OPEC+ - According to the IEA or, the International Energy Agency, the Organisation of Petroleum Crude Oiling nations (OPEC+) plus may expect a steep drop in demand as a result of a recent spike in Crude Oil output from nations such as the United States, Norway, and Guyana. Non-OPEC nations that produce Crude Oil are referred to as OPEC plus countries. Azerbaijan, Bahrain, Brunei, Kazakhstan, Malaysia, Mexico, Oman, Russia, South Sudan, and Sudan are among the OPEC plus nations.
Windfall Taxes - are one-time charges designed to capture a portion of the government's share of super-normal profits achieved by oil producers and fuel crude oilers as a result of increased global crude prices. Windfall Tax is a higher tax applied by the government on particular industries when their earnings are unexpectedly large. The term "Windfall" refers to a sudden and unexpected surge in earnings. On the other hand, the term "tax" suggests a levy placed on this rapid revenue increase.

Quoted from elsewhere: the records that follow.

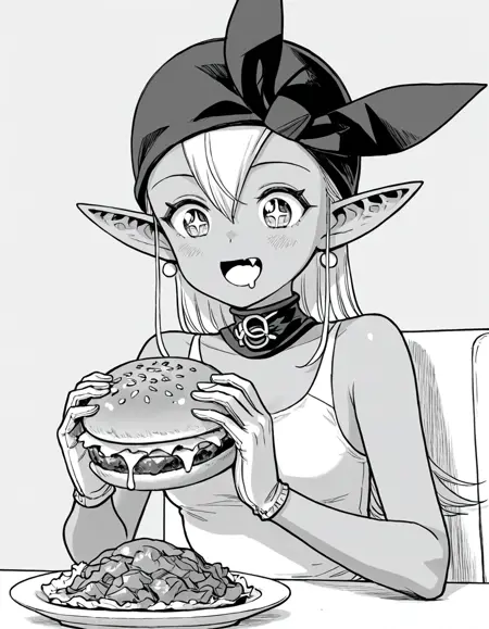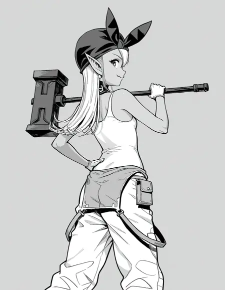 来自《被遗弃的:太强了以至于武器会坏掉的勇者与武器工匠的精灵》中 Carrie 的角色 LoRA。他们称她为暗精灵,但精灵和矮人的混血难道不应该是“Drewlf”吗?此外,这部漫画的剧情与《死侍3》如出一辙,现在你注意到了,它永远被毁了——你可以感谢我。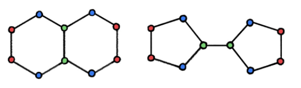 WL 测试是建立在迭代式的图重着色(图论中的「着色」指的是一种离散的节点标签)基础上的,在初始状态下,每个节点的颜色均不相同。在每一步迭代中,算法会聚合节点及其邻居节点的颜色,并将它们表征为多重集,然后将聚合得到的颜色多重集通过 Hash 函数映射到某种唯一的新颜色上。当达到稳定的着色状态(各节点着色状态不再变化)后,算法终止。当算法终止后,若两图的着色情况不同,则我们认为它们「非同构」。如果两图着色情况相同,它们可能(但并不一定)是同构的。换句话说,WL 测试是图同构的必要非充分条件。有一些非同构的图在接受 WL 测试后得到的着色情况也是相同的,而在这种情况下 WL 测试就失效了,因此我们只能认为它们「可能同构」。下图展示了其中的一种可能性: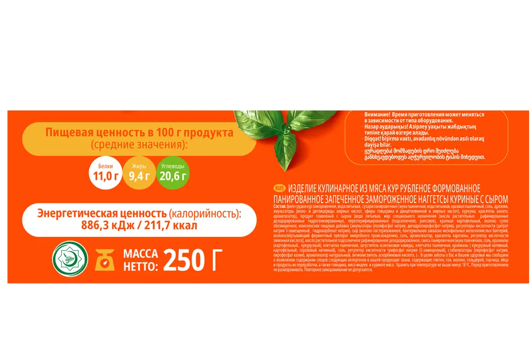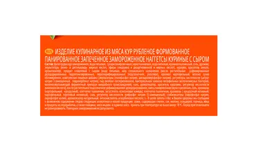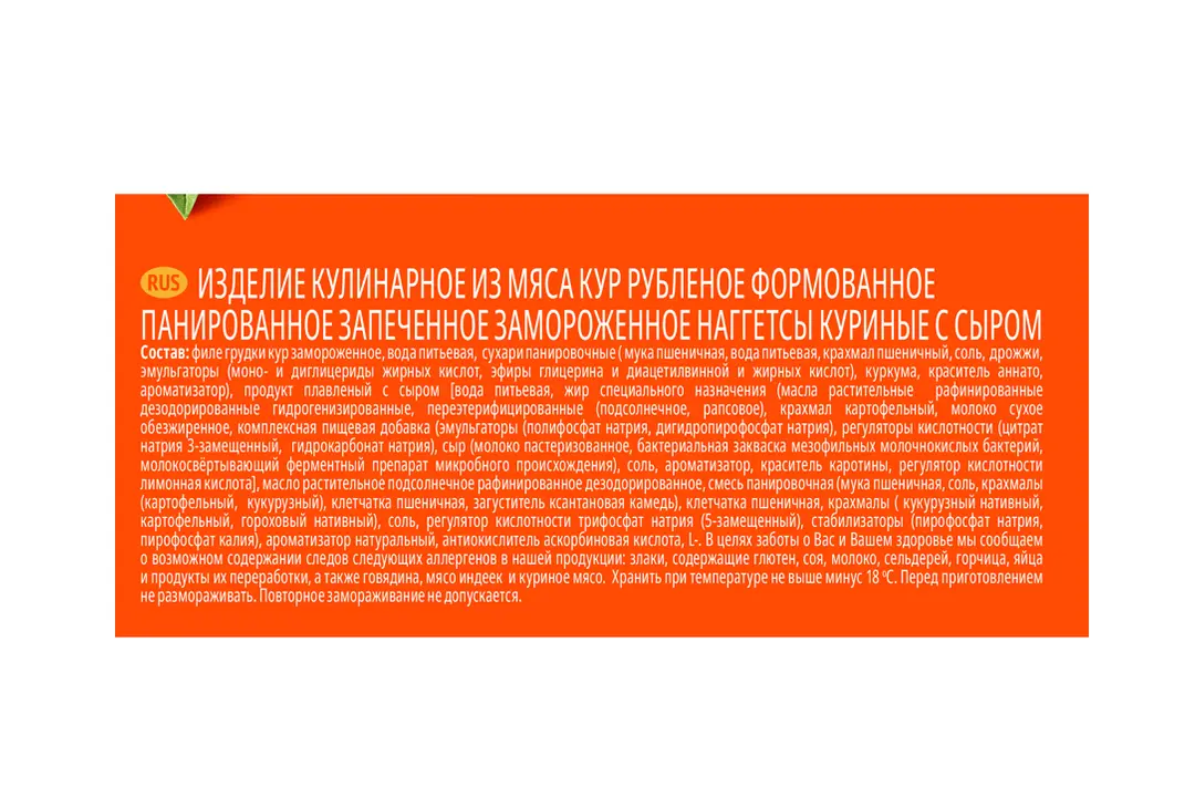 Нежнейший сыр придает наггетсам соблазнительный аромат и насыщенный, пикантный вкус, а золотистая панировка сохраняет сочность отборного куриного филе. Приятного аппетита! Страна-производитель Россия

The Windfall Tax (or SAED) on domestically produced Crude Oil was reduced to zero when Crude Oil prices stabilised in March 2023, and the charge on diesel destined for Crude Oils was reduced to Rs 0.5 per litre in early April. The Windfall Tax was implemented for the first time on July 1, 2022, in response to a jump in oil prices during the Russia-Ukraine crisis. The action was also intended to alleviate a fuel shortage in the domestic market, as private refiners disregarded deliveries to domestic retail outlets while focusing on highly profitable Crude Oil markets. While the rise in SAED would raise government income, it will have an impact on the oil industry since it will require them to pay a greater tax on the sale of domestically produced crude.
Fact Check - State-owned OIL and ONGC produce around 77.5% of crude oil, while private enterprises produce approximately 22.5%. ONGC generated 16.8 million tonnes of India's total crude oil output of 25.4 million tonnes in FY23 to February 2023, while OIL produced 2.8 million tonnes. The Indian basket of crude oil prices peaked at $116 per barrel in June 2022 before falling to $78.54 per barrel in March 2023. However, it has climbed again to an average of $85.59/bbl in April 2023.